The U.S. Department of Health and Human Services Office of Inspector General (OIG), has produced literature regarding their intention to prosecute private equity firms who do not conduct proper due diligence in healthcare deals. At this time, a few private equity firms have been charged in civil litigation cases for healthcare fraud related civil allegations. However, the OIG has stated that healthcare laws with criminal penalties are not off the table. How does this impact deal flow? Knowing who now stands over the shoulder of private equity, venture capital, family offices (“PE Groups”) is essential, because it dictates what they will have to look for in acquisitions to come.

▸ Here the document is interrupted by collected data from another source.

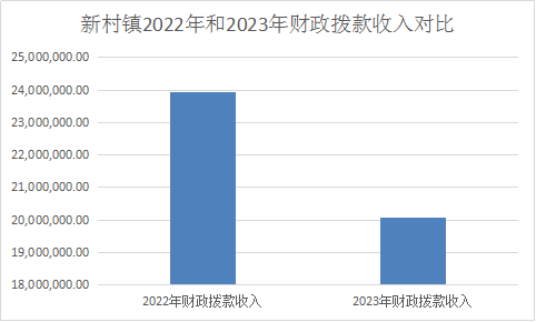 楚雄市新村镇2023年度收入合计20307411.36元。其中:财政拨款收入20307411.36元,占总收入的100.00%;上级补助收入0.00元,占总收入的0.00%;事业收入0.00元(含教育收费0元),占总收入的0.00%;经营收入0.00元,占总收入的0.00%;附属单位上缴收入0.00元,占总收入的0.00%;其他收入0.00元,占总收入的0.00%。与上年相比,收入合计减少3758098.57元,下降15.62%。其中:财政拨款收入减少3758098.57元,下降15.62%;上级补助收入减少0.00元,下降0%;事业收入减少0.00元,下降0%;经营收入减少0.00元,下降0%;附属单位上缴收入减少0.00元,下降0%;其他收入减少0.00元,下降0%。收入减少主要原因有:2022年补发部分村组干部工资,2023年正常发放,较上年基本支出减少;项目减少,项目支出类资金减少。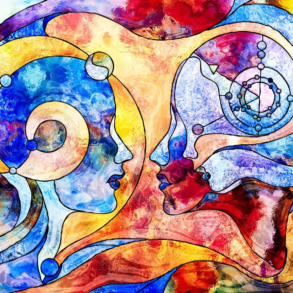 Tablou Canvas Premium, LuxCanva® E1030, Dialogul Sufletelor, Dualitate, Mister, Chipuri, Spiritual, Pereche, Living Room, Culori vibrante - 60 X 90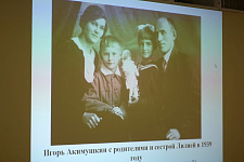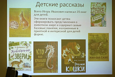 Игорь Акимушкин – выдающийся советский биолог, писатель и сценарист фильмов о живой природе. Он автор 96 научно-художественных, научно-популярных и детских произведений о мире животных: «Следы невиданных зверей», «Тропою легенд», «Приматы моря», «Трагедия диких животных», «Мир животных» и др. Магистранты рассказали о жизни, работе и творчестве учёного. Сергей Юсупов подготовил доклад о жизни учёного, Екатерина Жидоморова рассказала о шеститомном сочинении Игоря Акимушкина – «Мир животных». С сообщением о произведениях Игоря Акимушкина, написанных для детей, среди которых – «Жила-была белка», «Жил-был ежик», «Животные-строители», выступил Александр Быльченко. Яна Варнавская прочла рассказ, посвящённый импринтингу – мгновенному запечатлению образа при формировании врожденных поведенческих актов у животных. Евгений Селеверстов рассказал о научно-популярной книге Игоря Ивановича Акимушкина «Следы невиданных зверей», в которой речь идёт о встречах людей с фантастическими существами. Алина Селютина представила сообщение о последней работе киноработе учёного – «По следам снежного человека». Картина начинается с рассказа о том, как появился интерес к таинственной натуре снежного человека, а в дальнейшем представляет различные мнения относительно того, существует ли это создание на самом деле, и если существует, то кем является, на кого оно похоже. Вероника Беляева продемонстрировала фрагменты фильма, вызвавшие споры присутствовавших относительно возможности существования снежного человека. По словам модератора заседания Маргариты Кононовой, своим творчеством Игорь Иванович Акимушкин сблизил мир людей с уникальным миром дикой природы.

Compliance with billing and coding practices should be at the top of the list for PE Groups conducting a sort of regulatory due diligence. Medicare Advantage has become an area of concern as well, as the government is aware and realizes that there is opportunity for improper billing under Medicare Advantage coding and billing procedures, also known as MRA gaming. PE Group dollars will be more than ever looking for medical group sellers who are compliant. In the past these hurdles and issues were simply used as deficiencies that effectively reduced the purchase price. A medical group seller must ensure that their structure, contractual arrangements, tax filings, compliance with COVID-19 aid, billing and coding, and internal policies and procedures are in tip top shape. The foundation to continuing revenue in healthcare is compliance, and PE Groups have learned that if a Medical Group is non-compliant, the money faucet is turned off.
Medical Groups of all sizes, from solo practitioners to thousands of providers, shall require compliance plans that are both properly followed and enforced. The need for a compliance officer within a medical practice (not the owner), is a requirement when seeking reimbursement from a governmental payor. Commercial carriers will surely follow any requirements set out by the OIG as it relates to government payor enforcement.
The DOJ has also released guidance that deal documents shall be subject to scrutiny where due diligence and representation and warranties shall be parts of the deals which are reviewed. These are the areas where a buyer and a seller can prove that proper due diligence was conducted, and if any bad acts (healthcare fraud) were discovered, it was self-reported.
The Biden-Harris Administration has released guidance over healthcare spending in the United States and has directly blamed the involvement of private equity in the healthcare space as the main driver for increased spending on healthcare. Healthcare was 17.3% of the national GDP in spending in 2022. That was a 4.1% increase from the previous year. The Executive branch is committed to curtailing the involvement of PE Groups in the healthcare sector and will continue to do so via OIG and DOJ enforcement, and Anti-Trust legislation. Before going to market, medical groups need to be aware of and prepare for the level of scrutiny that the current regulatory landscape is dictating.